─── Dataset extract
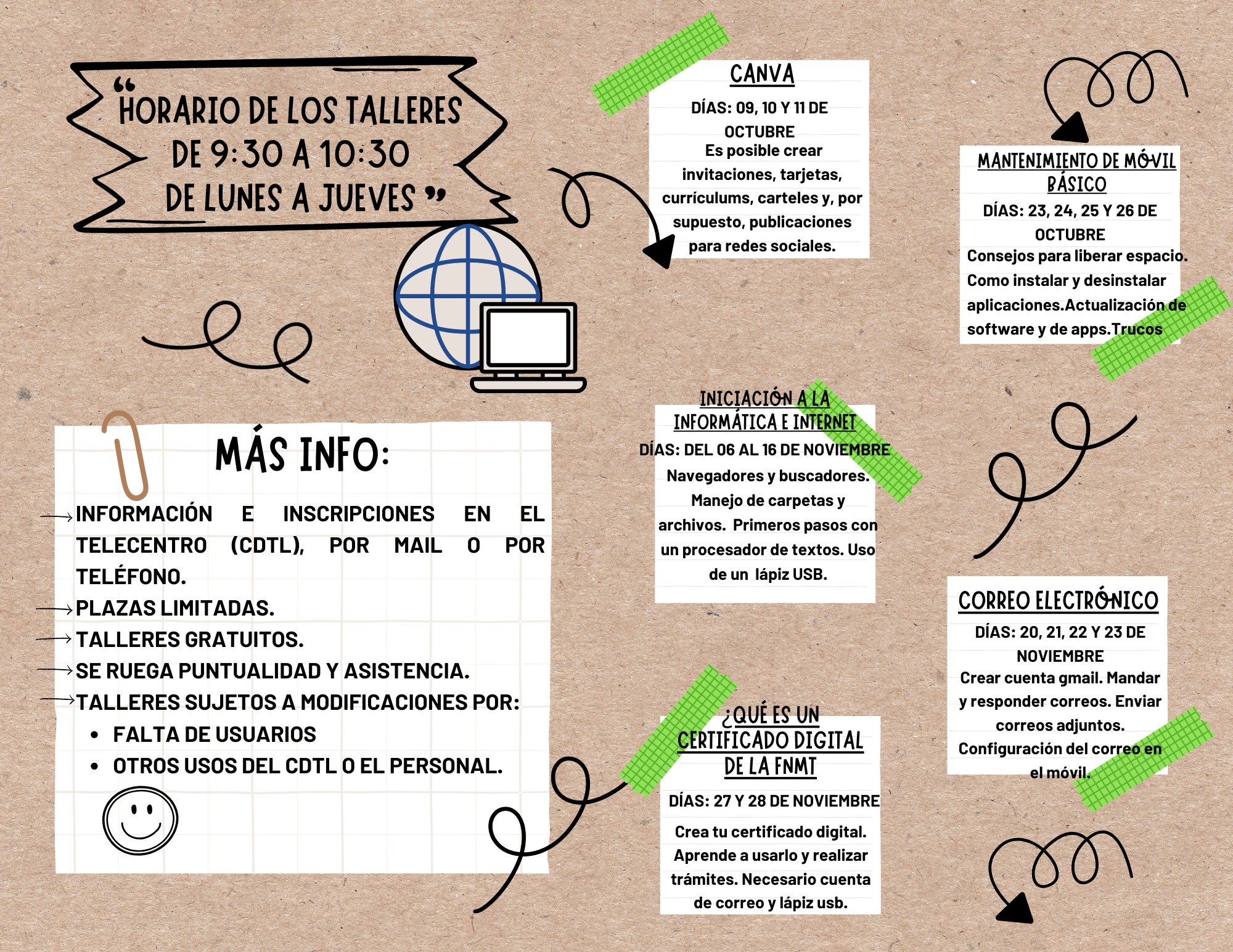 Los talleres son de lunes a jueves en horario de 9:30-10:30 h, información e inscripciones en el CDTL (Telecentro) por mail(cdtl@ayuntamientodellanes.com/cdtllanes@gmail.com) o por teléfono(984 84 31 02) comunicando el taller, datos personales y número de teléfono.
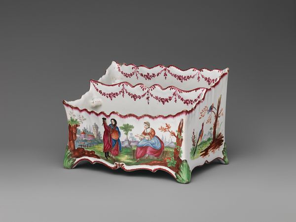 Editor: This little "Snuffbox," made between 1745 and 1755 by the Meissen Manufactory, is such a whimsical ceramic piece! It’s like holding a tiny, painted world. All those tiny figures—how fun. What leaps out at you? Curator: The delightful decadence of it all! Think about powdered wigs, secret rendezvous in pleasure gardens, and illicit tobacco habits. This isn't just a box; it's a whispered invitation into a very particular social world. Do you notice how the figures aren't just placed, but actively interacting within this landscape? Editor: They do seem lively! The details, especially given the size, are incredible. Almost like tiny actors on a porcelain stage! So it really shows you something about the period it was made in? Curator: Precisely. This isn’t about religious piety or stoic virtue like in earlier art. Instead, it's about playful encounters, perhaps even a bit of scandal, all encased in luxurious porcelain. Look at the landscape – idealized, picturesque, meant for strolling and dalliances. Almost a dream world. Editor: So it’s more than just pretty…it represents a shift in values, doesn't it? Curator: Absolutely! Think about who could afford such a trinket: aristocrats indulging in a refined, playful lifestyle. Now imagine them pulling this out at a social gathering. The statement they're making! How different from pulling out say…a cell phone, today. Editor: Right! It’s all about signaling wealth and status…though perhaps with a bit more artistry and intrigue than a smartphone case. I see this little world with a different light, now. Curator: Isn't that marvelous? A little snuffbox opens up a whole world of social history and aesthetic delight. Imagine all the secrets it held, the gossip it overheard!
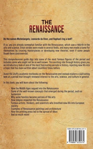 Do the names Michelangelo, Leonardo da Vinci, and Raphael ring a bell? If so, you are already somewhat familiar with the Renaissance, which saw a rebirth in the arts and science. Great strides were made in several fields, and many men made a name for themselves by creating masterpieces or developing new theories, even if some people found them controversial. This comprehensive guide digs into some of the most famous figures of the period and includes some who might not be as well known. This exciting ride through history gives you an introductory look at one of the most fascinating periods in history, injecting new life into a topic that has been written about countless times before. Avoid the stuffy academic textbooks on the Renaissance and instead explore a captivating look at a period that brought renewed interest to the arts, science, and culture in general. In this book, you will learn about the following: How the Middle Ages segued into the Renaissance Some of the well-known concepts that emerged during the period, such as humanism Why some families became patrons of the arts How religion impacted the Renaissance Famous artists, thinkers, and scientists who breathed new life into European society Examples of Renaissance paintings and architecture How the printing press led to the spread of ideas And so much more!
──────
Once more, give the listing above exactly, leaving each picture out.

 Los talleres son de lunes a jueves en horario de 9:30-10:30 h, información e inscripciones en el CDTL (Telecentro) por mail(cdtl@ayuntamientodellanes.com/cdtllanes@gmail.com) o por teléfono(984 84 31 02) comunicando el taller, datos personales y número de teléfono.
 Editor: This little "Snuffbox," made between 1745 and 1755 by the Meissen Manufactory, is such a whimsical ceramic piece! It’s like holding a tiny, painted world. All those tiny figures—how fun. What leaps out at you? Curator: The delightful decadence of it all! Think about powdered wigs, secret rendezvous in pleasure gardens, and illicit tobacco habits. This isn't just a box; it's a whispered invitation into a very particular social world. Do you notice how the figures aren't just placed, but actively interacting within this landscape? Editor: They do seem lively! The details, especially given the size, are incredible. Almost like tiny actors on a porcelain stage! So it really shows you something about the period it was made in? Curator: Precisely. This isn’t about religious piety or stoic virtue like in earlier art. Instead, it's about playful encounters, perhaps even a bit of scandal, all encased in luxurious porcelain. Look at the landscape – idealized, picturesque, meant for strolling and dalliances. Almost a dream world. Editor: So it’s more than just pretty…it represents a shift in values, doesn't it? Curator: Absolutely! Think about who could afford such a trinket: aristocrats indulging in a refined, playful lifestyle. Now imagine them pulling this out at a social gathering. The statement they're making! How different from pulling out say…a cell phone, today. Editor: Right! It’s all about signaling wealth and status…though perhaps with a bit more artistry and intrigue than a smartphone case. I see this little world with a different light, now. Curator: Isn't that marvelous? A little snuffbox opens up a whole world of social history and aesthetic delight. Imagine all the secrets it held, the gossip it overheard!
 Do the names Michelangelo, Leonardo da Vinci, and Raphael ring a bell? If so, you are already somewhat familiar with the Renaissance, which saw a rebirth in the arts and science. Great strides were made in several fields, and many men made a name for themselves by creating masterpieces or developing new theories, even if some people found them controversial. This comprehensive guide digs into some of the most famous figures of the period and includes some who might not be as well known. This exciting ride through history gives you an introductory look at one of the most fascinating periods in history, injecting new life into a topic that has been written about countless times before. Avoid the stuffy academic textbooks on the Renaissance and instead explore a captivating look at a period that brought renewed interest to the arts, science, and culture in general. In this book, you will learn about the following: How the Middle Ages segued into the Renaissance Some of the well-known concepts that emerged during the period, such as humanism Why some families became patrons of the arts How religion impacted the Renaissance Famous artists, thinkers, and scientists who breathed new life into European society Examples of Renaissance paintings and architecture How the printing press led to the spread of ideas And so much more!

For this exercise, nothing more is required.